> **EXERCISE INSTRUCTIONS**: What you return must be the full data, repeated verbatim, with no pictures in it.

> **EXERCISE DATA**:
────────

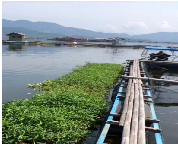
water kale aquaponics

The harvested fish from the KJA farmers consists of golden fish and parrot-fish. The golden fish is harvested every four months with an average harvest of 1,250 kg. The parrot fish is harvested once a year with an average harvest of 600 kg.
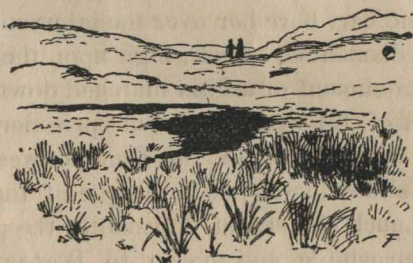
DEAD MEN'S HOLLOW.

the Provincetown and Truro men over the division of the spoils. This is denied by some of the local accounts, but it is certainly not strange that after years of pillage and impoverishment, the Cape people felt like doing a little plundering in return when such a good opportunity presented itself. After a while the general Court appointed a sheriff to take charge of the wreck, and rewarded the salvors. Under the direction of the Board of War everything of value was stripped from the ship. The guns remaining on board were removed and utilized in the fortifications at Gloucester and on the coast of Maine. The small arms, ammunition and stores of every description were devoted to the use of the Continental troops. When the wreck had been abandoned by the authorities the local wreckers took her in hand again. They wrenched off her chain plates; they tore up her decks for fire-wood; they pried her timbers apart to get at her iron bolts; then they set fire to the hull; but her heavy wooden walls which had for so many years withstood the stress of storm and battle, could only be charred by the flames. Finally, in the course of years, the drifting sands charitably buried the remains of the old frigate.

────────

> **EXERCISE RESULT**:
water kale aquaponics

The harvested fish from the KJA farmers consists of golden fish and parrot-fish. The golden fish is harvested every four months with an average harvest of 1,250 kg. The parrot fish is harvested once a year with an average harvest of 600 kg.
DEAD MEN'S HOLLOW.

the Provincetown and Truro men over the division of the spoils. This is denied by some of the local accounts, but it is certainly not strange that after years of pillage and impoverishment, the Cape people felt like doing a little plundering in return when such a good opportunity presented itself. After a while the general Court appointed a sheriff to take charge of the wreck, and rewarded the salvors. Under the direction of the Board of War everything of value was stripped from the ship. The guns remaining on board were removed and utilized in the fortifications at Gloucester and on the coast of Maine. The small arms, ammunition and stores of every description were devoted to the use of the Continental troops. When the wreck had been abandoned by the authorities the local wreckers took her in hand again. They wrenched off her chain plates; they tore up her decks for fire-wood; they pried her timbers apart to get at her iron bolts; then they set fire to the hull; but her heavy wooden walls which had for so many years withstood the stress of storm and battle, could only be charred by the flames. Finally, in the course of years, the drifting sands charitably buried the remains of the old frigate.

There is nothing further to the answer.